The search strategy aims to find both published and unpublished studies in English language from inception of databases to current date. A three-step search strategy will be utilized in each component of this review. An initial limited search of MEDLINE and CINAHL will be undertaken followed by analysis of the text words contained in the title and abstract, and of the index terms used to describe article. A second search using all identified keywords and index terms will then be undertaken across all included databases. Thirdly, the reference list of all identified reports and articles will be searched for additional studies.
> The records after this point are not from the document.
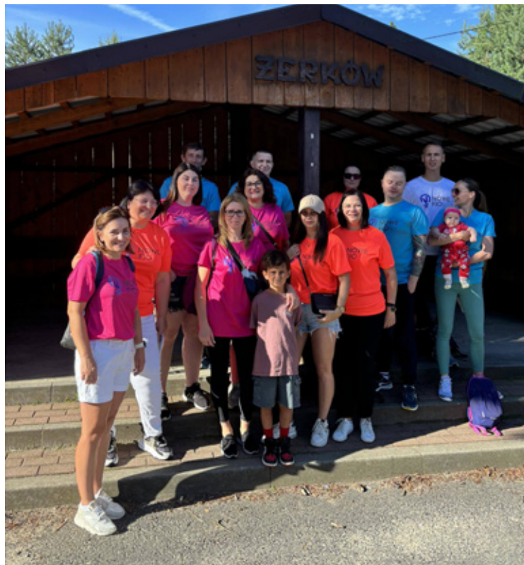
Stowarzyszenie Na Rzecz Rozwoju Wsi Żerków.

Ważnym elementem projektu będzie cykl warsztatów. Miłośnicy muzyki będą mogli uczestniczyć w zajęciach śpiewu, podczas których nie zabraknie ludowych
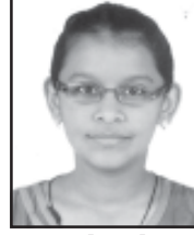
કૃપા ભાવેશ લોડાયા ભાંડુપ SSC 73%
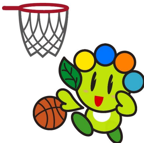
太田市マスコットキャラクター「おおたん」

The databases to be searched include, but are not limited to:

Medline, CINAHL, Embase, GlobalHealth, ASSIA, Sociological Abstracts, Ageline, Cochrane, AMED, Mednar and PsycInfo.

The search for unpublished studies will include, but are not exclusive to:

Institute for Safe Medication Practice, Canadian Institute for Health Information, Canadian Patient Safety Institute and the Canadian Health Services Research Foundation, Proquest.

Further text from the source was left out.